* [TASK ITEM]
Copy the listing that follows exactly. Its pictures do not belong in the copy.

* [DATA PROVIDED]

____

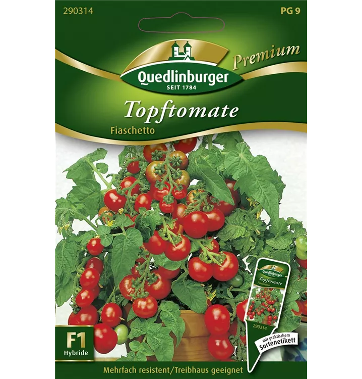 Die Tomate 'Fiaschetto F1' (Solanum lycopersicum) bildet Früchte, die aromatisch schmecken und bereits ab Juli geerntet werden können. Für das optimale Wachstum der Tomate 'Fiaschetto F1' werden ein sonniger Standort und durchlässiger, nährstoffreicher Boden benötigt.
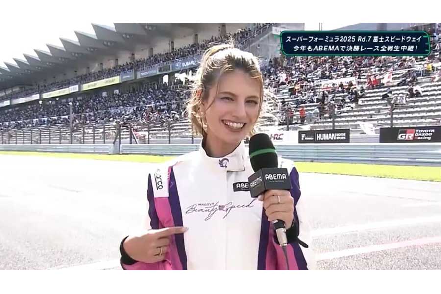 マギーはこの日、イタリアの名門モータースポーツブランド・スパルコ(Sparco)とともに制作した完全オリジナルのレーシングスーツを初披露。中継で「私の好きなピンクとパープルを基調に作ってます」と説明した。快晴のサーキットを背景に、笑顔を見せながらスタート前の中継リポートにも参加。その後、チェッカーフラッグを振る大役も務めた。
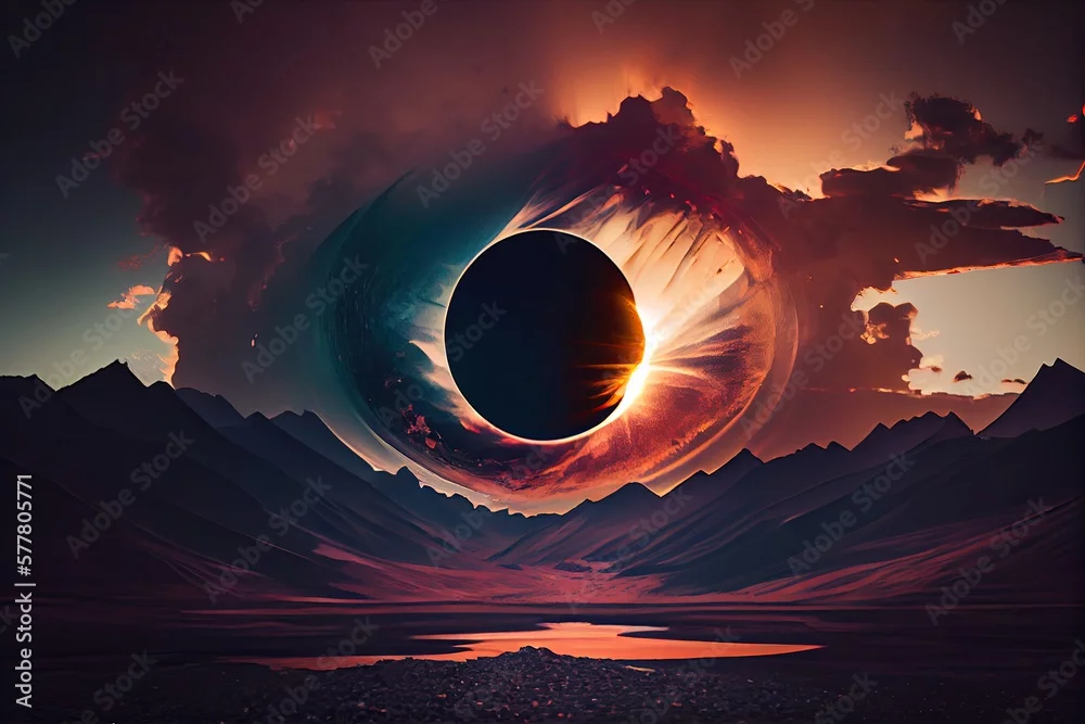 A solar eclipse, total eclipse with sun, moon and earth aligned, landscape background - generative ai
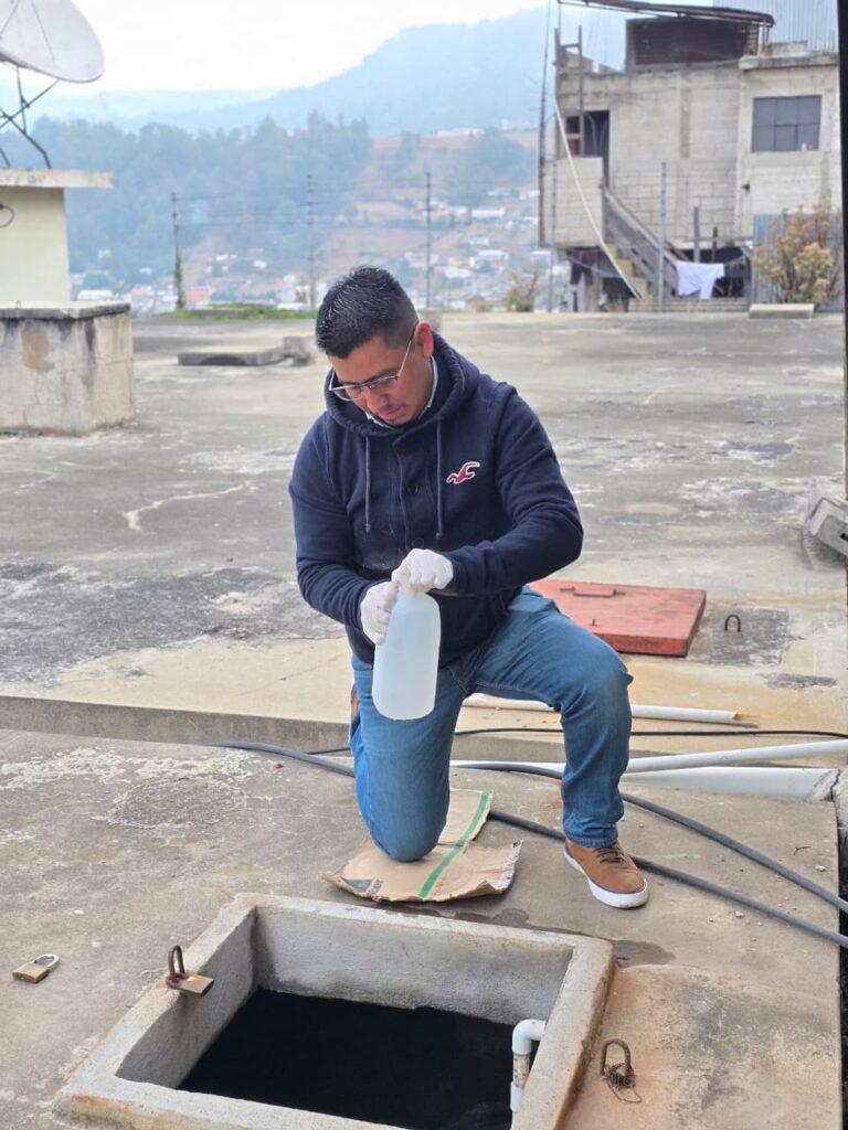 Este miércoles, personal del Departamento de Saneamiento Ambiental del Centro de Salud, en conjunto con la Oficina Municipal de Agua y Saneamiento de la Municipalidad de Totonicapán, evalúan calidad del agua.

____

* [TASK RESULT]
 Die Tomate 'Fiaschetto F1' (Solanum lycopersicum) bildet Früchte, die aromatisch schmecken und bereits ab Juli geerntet werden können. Für das optimale Wachstum der Tomate 'Fiaschetto F1' werden ein sonniger Standort und durchlässiger, nährstoffreicher Boden benötigt.
 マギーはこの日、イタリアの名門モータースポーツブランド・スパルコ(Sparco)とともに制作した完全オリジナルのレーシングスーツを初披露。中継で「私の好きなピンクとパープルを基調に作ってます」と説明した。快晴のサーキットを背景に、笑顔を見せながらスタート前の中継リポートにも参加。その後、チェッカーフラッグを振る大役も務めた。
 A solar eclipse, total eclipse with sun, moon and earth aligned, landscape background - generative ai
 Este miércoles, personal del Departamento de Saneamiento Ambiental del Centro de Salud, en conjunto con la Oficina Municipal de Agua y Saneamiento de la Municipalidad de Totonicapán, evalúan calidad del agua.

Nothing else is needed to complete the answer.